EXERCISE PROMPT:
Below this line is a listing that includes pictures. Copy exactly, and only, the lines from the one containing "Detské tričko s" through the one containing "I added real-time"; the pictures do not go in the copy.

DATASET RECORDS:
==*==
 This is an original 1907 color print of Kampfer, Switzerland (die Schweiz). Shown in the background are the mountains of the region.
==*==
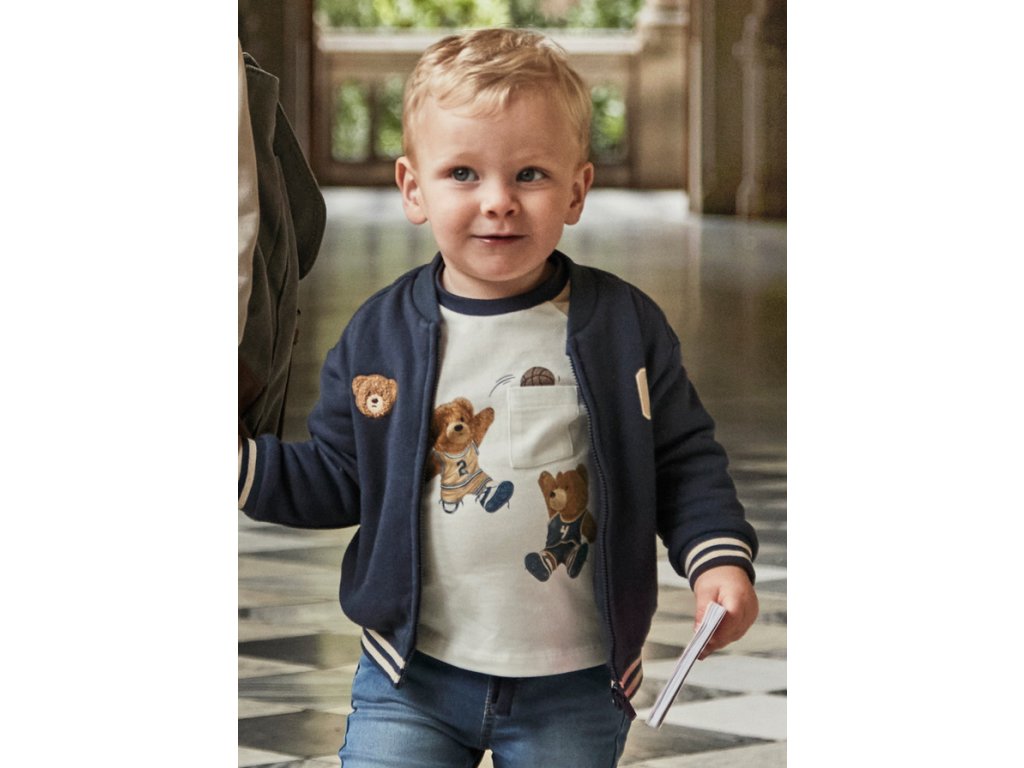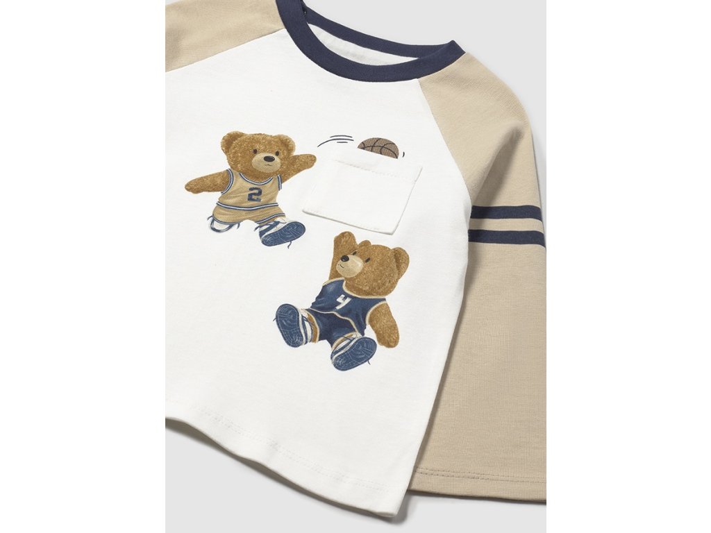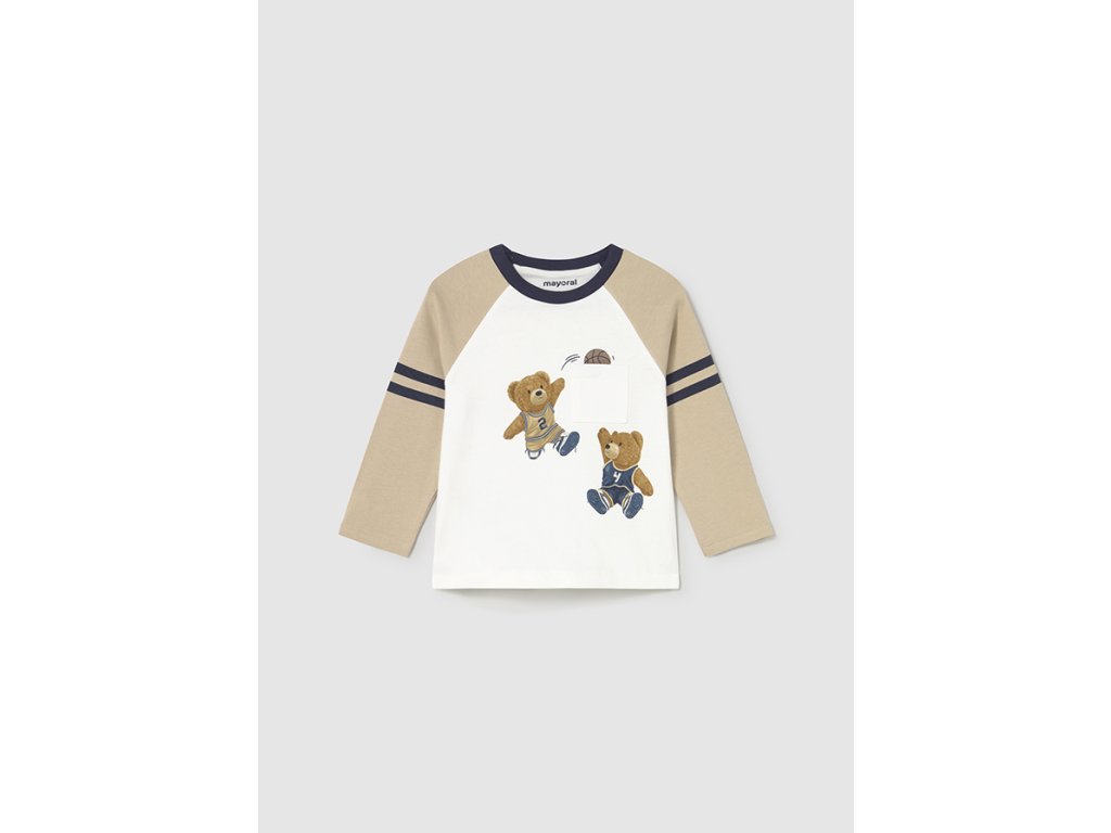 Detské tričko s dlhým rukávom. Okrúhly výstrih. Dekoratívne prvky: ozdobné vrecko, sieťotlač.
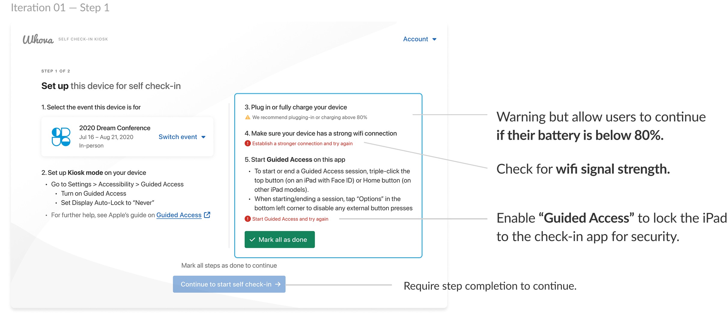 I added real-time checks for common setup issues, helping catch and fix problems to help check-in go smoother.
==*==
EXERCISE SOLUTION:
 Detské tričko s dlhým rukávom. Okrúhly výstrih. Dekoratívne prvky: ozdobné vrecko, sieťotlač.
 I added real-time checks for common setup issues, helping catch and fix problems to help check-in go smoother.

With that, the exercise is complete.